The year was 1942. Ted Williams won the American League Triple Crown that season. He also led the league in runs, walks, slugging percentage and on base percentage.
Obviously Williams was the unanimous choice for Most Valuable Player, right? Nope. He didn't even win the award! It went to Joe Gordon. Williams hit twice as many homers as Gordon, drove in 44 more runs and batted 33 points higher than Gordon.

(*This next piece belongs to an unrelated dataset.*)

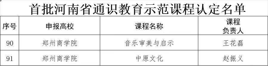 近日,河南省教育厅发布《关于公布首批河南省通识教育示范课程认定名单的通知》,beat365所提交申报的《中原文化》《音乐审美与启示》两门通识拓展课程均获批立项“首批河南省通识教育示范课程”。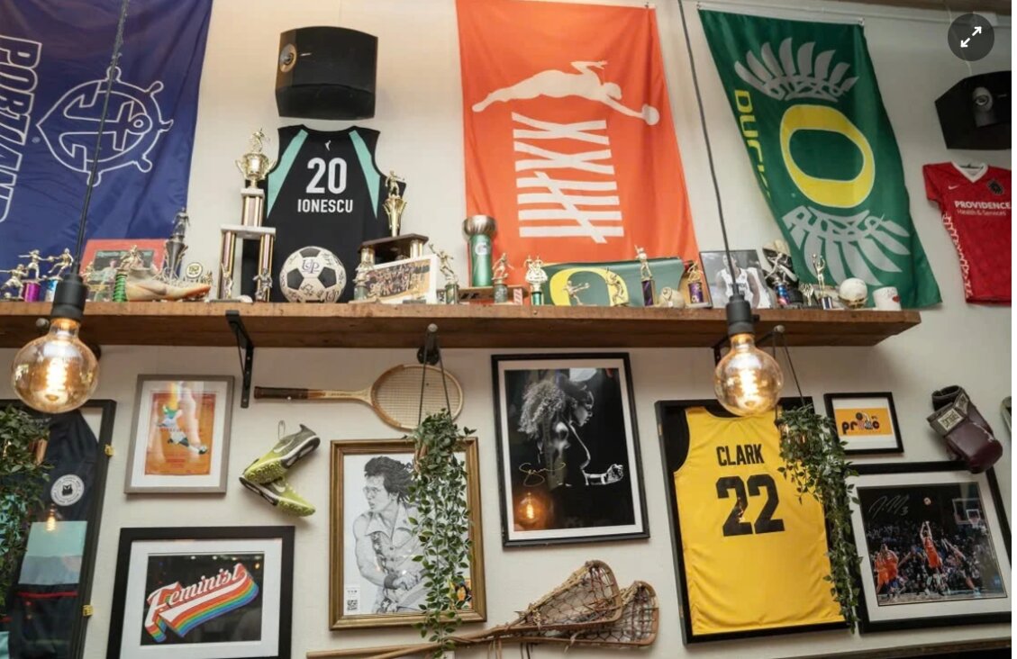 Bức tường đầy những hiện vật liên quan đến thể thao nữ ở The Sports Bra.

But certain biased voters screwed Williams because they didn't like him personally. That's just plain wrong. I bring this up because it could happen to Aaron Rodgers this season when it comes to NFL MVP voting.
This isn't a no-brainer like it was in baseball for Williams. Rodgers isn't head-and-shoulders above other worthy candidates Tom Brady, Jonathan Taylor and Cooper Kupp. Brady leads the NFL in passing yards and TD throws. Taylor leads the league in rushing. He's 529 rushing yards ahead of No. 2 Joe Mixon. Kupp is having a record pass-catching season well ahead in receptions, receiving yards and TD's.
Rodgers has a 35-to-4 touchdown-to-interception ratio. Yet Rodgers' strongest qualifications are related to the team. Green Bay is 13-2 in games he has played. Thanks to Rodgers, Green Bay finished as the No. 1 overall seed in the NFC and has the best record in football. No player is more important to his team than Rodgers is to the Packers.
That should make Rodgers the MVP favorite. Not according to Hub Arkush, though. Arkush said he won't vote for Rodgers because Rodgers is a horrible person for misleading people about his vaccination status.
This is what Arkush said about Rodgers during a radio interview with a Chicago radio station: ''I just think that the way he's carried himself is inappropriate. I think he's a bad guy, and I don't think a bad guy can be the most valuable guy at the same time.''
Bad guy? You'd think Arkush was talking about Antonio Brown, or Henry Ruggs. Rodgers is complicated. But a bad guy? Even if Rodgers were that, it isn't a reason to disqualify him for MVP consideration.
I think Arkush is a bad guy for blackballing someone out of personal feelings when he has an obligation and voting honor to act responsibly and objectively.
Arkush is a long-time Chicago NFL fixture, who has done writing and announcing for the Bears. Perhaps he's jealous that the only really good quarterbacks the Bears have had during their 100 years in the NFL were Jim McMahon and Sid Luckman.